Computer science textbook

Principles of Model Checking is a textbook on model checking, an area of computer science that automates the problem of determining if a machine meets specification requirements. It was written by Christel Baier and Joost-Pieter Katoen, and published in 2008 by MIT Press.

==Synopsis==

An example transition system used to model a process

The introduction and first chapter outline the field of model checking: a model of a machine or process can be analysed to see if desirable properties hold. For instance, a vending machine might satisfy the property "the balance can never fall below €0,00". A video game might enforce the rule "if the player has 0 lives then the game ends in a loss". Both the vending machine and video game can be modelled as transition systems. Model checking is the process of describing such requirements in mathematical language, and automating proofs that the model satisfies the requirements, or discovery of counterexamples if the model is faulty.

The second chapter focuses on creating an appropriate model for concurrent systems, where multiple parts of an algorithm (set of instructions) can be carried out simultaneously by different machines or parts of a machine.

Chapters 3 explores types of rules that a transition system may satisfy: linear time properties. A safety property, such as "no deadlock states are possible", is of the form "an undesirable outcome can never occur". A liveness property, such as "a shared resource will always eventually be made available to a component that requests it", is of the form "a desirable outcome will eventually happen". Fairness properties such as "a traffic light never stops changing colour" can be used as preconditions i.e. assumptions from which other properties can be deduced.

The fourth chapter is about regular and ω-regular language properties, and theoretical machines such as Büchi automata that model the languages. It gives model-checking algorithms to verify properties or find counterexamples.

The fifth and sixth chapters explore linear temporal logic (LTL) and computation tree logic (CTL), two classes of formula that express properties. LTL encodes requirements about paths through a system, such as "every Monopoly player passes 'Go' infinitely often"; CTL encodes requirements about states in a system, such as "from any position, all players can eventually land on 'Go'". CTL* formulae, which combine the two grammars, are also defined. Algorithms for model-checking formulae in these logics are given.

The seventh chapter explores formal ways to compare transition systems, such as bisimulation; the eighth is about partial order reductions that aim to reduce the computation required to verify properties of a model. The ninth and tenth chapters are about extensions to the logics and automata previously considered, including through addition of a clock speed (timed automata) or probabilities (probabilistic automata, based on Markov chains).

==Reception==
François Laroussinie, writing in The Computer Journal, recommended the book to researchers, lecturers, students and engineers, calling the book "impressive". Laroussinie found the textbook comprehensive and accessibly written, with a good number of examples, exercises and motivating ideas for key concepts. With a "unified framework", the first seven chapters cover classical theory and the last three chapters cover extensions of model checking.
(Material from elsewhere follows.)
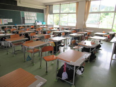4月26日(火)2校時に地震避難訓練を行いました。あいにく雨が心配されたため運動場への避難は実施せず、地震が起きたら①机の下に頭を入れ、机の脚を持ち、静かに待つ②揺れがおさまったら先生の指示に従い避難する等を確認しました。また、家庭ではどうするのか、屋外ではどうするか等指導しました。もしも、家に一人でいる時どこへ避難するのか、何に気をつけるのか家庭でも確認していただきたいと思います。
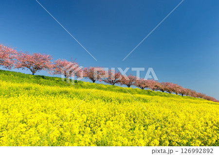 栃木県小山市 思川沿いの間々田地区と乙女地区にまたがる思川桜堤 原産種の思川桜並木と斜面の菜の花畑

In ACM Computing Reviews, Gabriel Ciobanu believed the textbook could be used in advanced undergraduate or graduate courses, and would be useful to researchers. Ciobanu praised the "clear and intuitive" presentation and said it "should be appreciated for its pedagogical approach to covering basic concepts, deep theoretical results, and advanced topics in model checking research".

In 2014, the book was one of the five most-cited academic texts monitored by the Book Citation Index (BKCI).